UHRF1 promotes spindle assembly and chromosome congression by catalyzing EG5 polyubiquitination

Abstract

UHRF1 is an epigenetic coordinator bridging DNA methylation and histone modifications. Additionally, UHRF1 regulates DNA replication and cell cycle, and its deletion induces G1/S or G2/M cell cycle arrest. The roles of UHRF1 in the regulation of G2/M transition remain poorly understood. UHRF1 depletion caused chromosome misalignment, thereby inducing cell cycle arrest at mitotic metaphase, and these cells exhibited the defects of spindle geometry, prominently manifested as shorter spindles. Mechanistically, UHRF1 protein directly interacts with EG5, a kinesin motor protein, during mitosis. Furthermore, UHRF1 induced EG5 polyubiquitination at the site of K1034 and further promoted the interaction of EG5 with spindle assembly factor TPX2, thereby ensuring accurate EG5 distribution to the spindles during metaphase. Our study clarifies a novel UHRF1 function as a nuclear protein catalyzing EG5 polyubiquitination for proper spindle architecture and faithful genomic transmission, which is independent of its roles in epigenetic regulation and DNA damage repair inside the nucleus. These findings revealed a previously unknown mechanism of UHRF1 in controlling mitotic spindle architecture and chromosome behavior and provided mechanistic evidence for UHRF1 deletion-mediated G2/M arrest.

Figure 1.

Depletion of UHRF1 causes chromosome misalignment. (A and B) DU145 and PC3 cells with or without UHRF1 depletion were established by stable transfection with shRNA vectors for UHRF1 or control, and UHRF1 expression was assessed by Western blotting (A). The cell cycle distribution was analyzed by flow cytometry (B). (C–F) The nuclear DNA in DU145 and PC3 cells with or without UHRF1 depletion was stained with DAPI (scale bar, 20 μm; inset scale bar, 10 μm, C). The percent of mitotic cells was assessed according to nuclei morphology. n > 100 cells (D). The chromosomes that failed to congress at the metaphase plate are highlighted by red arrows (scale bar, 5 μm, E). The percentage of cells with unaligned chromosomes was assessed. n > 80 cells (F). (G and H) DU145 cells with UHRF1 depletion were transiently transfected with plasmids expressing UHRF1^ΔRING or UHRF1^WT, and the nuclear DNA was stained with DAPI (scale bar, 5 μm, G). The percentage of cells with unaligned chromosomes was assessed. n > 80 cells (H). The data for quantification in D, F, and H are from n = 3 independent experiments. Results are represented as mean ± SD (one-way ANOVA test); error bars represent SD. n.s., not significant; **, P < 0.01; ***, P < 0.001. Source data are available for this figure: SourceData F1.

Figure S1.

In vitro recombinant proteins GST-pull down assay. (A) Knockdown of UHRF1. DU145 cells were transiently transfected with UHRF1 siRNAs and UHRF1 expression was evaluated by Western blotting. (B) GST-pulldown assay of UHRF1 using the indicated GST fusion proteins. EG5 protein was detected. Source data are available for this figure: SourceData FS1.

Figure 2.

Depletion of UHRF1 damages spindle architecture. (A) DU145 cells were transiently transfected with or without siUHRF1. The mitotic spindles were stained with immunofluorescent anti-α-tubulin antibody (green) and chromosomes were stained with DAPI. Scale bar, 5 μm. (B–D) Spindle pole distance was measured. n = 40 cells (B).
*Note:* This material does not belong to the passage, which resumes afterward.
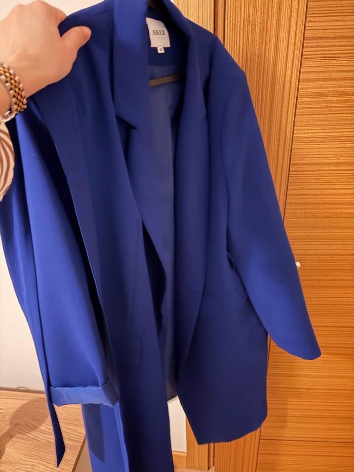 Uzun boylu, saten kumaşlı mavi kadın blazer, kemerli ve kesimli yaka detaylıdır. Düzenli kesim, askılı kollu, ofis ve günlük kullanıma uygundur. 36-42 beden uyumludur. Çok az giyildi.

The percentage of cells at the metaphases with abnormal spindle geometry was assessed (C) in DU145 cells when transfected with or without siUHRF1. n > 50 cells for each condition. The asters fluorescence intensity of the metaphase spindle was measured. n = 40 cells for each condition. (E) DU145 cells with UHRF1 depletion were transiently transfected with plasmids expressing UHRF1^ΔRING or UHRF1^WT. The mitotic spindles were stained with immunofluorescent α-tubulin antibody and chromosomes were stained with DAPI. Scale bar, 5 μm. (F–H) Spindle pole distance was measured (n = 40 cells; F) and the percentage of cells at the metaphases with abnormal spindle geometry was assessed (n > 50 cells; G). The mean fluorescence intensity of asters was analyzed by ImageJ. n = 40 cells (H). The data for quantification in C, D, G, and H are from n = 3 independent experiments. Results are represented as mean ± SD; error bars represent SD. Dots represent individual cell samples in B and F; bars are median ± quartile. n.s., not significant; ***, P < 0.001. One-way ANOVA test.

Figure 3.

EG5 is a UHRF1-interactive mitotic protein. (A) EG5 was identified as a component of UHRF1-interactive protein complexes by immunoprecipitation coupled with mass spectrometry. UHRF1-interacting protein complexes were immunoprecipitated with anti-Flag antibody in HEK293T cells expressing Flag-tagged UHRF1, and then were eluted with Flag peptide. The UHRF1-interacted protein complexes were separated by SDS-PAGE and a 125-kD electrophoretic band was subjected to mass spectrometry analysis. (B) HEK293T, DU145, and PC3 cells were transfected with plasmids expressing UHRF1-His or EG5-Flag, and the interaction between exogenous UHRF1 and EG5 proteins was validated by immunoprecipitation with antibodies against His or Flag, followed by immunoblotting. (C) The interaction between endogenous UHRF1 and EG5 proteins was validated by immunoprecipitation with antibodies against UHRF1 or EG5, followed by immunoblotting in HEK293T, DU145, and PC3 cells. (D) DU145 cells were synchronized in G1/S phase using double thymidine blocking and then released by culture media. The cells were synchronized in G2/M phases at 9 h after release. The interaction between endogenous UHRF1 and EG5 proteins was validated by immunoprecipitation with antibodies against UHRF1, followed by immunoblotting. (E and F) GST-tagged full-length UHRF1 and individual subdomains were constructed for mapping the EG5-binding region. Purified recombinant proteins of GST-tagged individual domains of UHRF1 were incubated with HEK293T cell lysates in vitro as indicated, followed by immunoblotting with anti-EG5 antibody (F). The lysate of HEK293T cells was used for a positive control. (G and H) GST-tagged full-length EG5 and individual subdomains were constructed for mapping the UHRF1-binding region. Purified recombinant proteins of GST-tagged individual domains of EG5 were incubated with HEK293T cell lysates in vitro as indicated, followed by immunoblotting with anti-UHRF1 antibody (H). The lysate of HEK293T cells was used for a positive control. Source data are available for this figure: SourceData F3.

Figure 4.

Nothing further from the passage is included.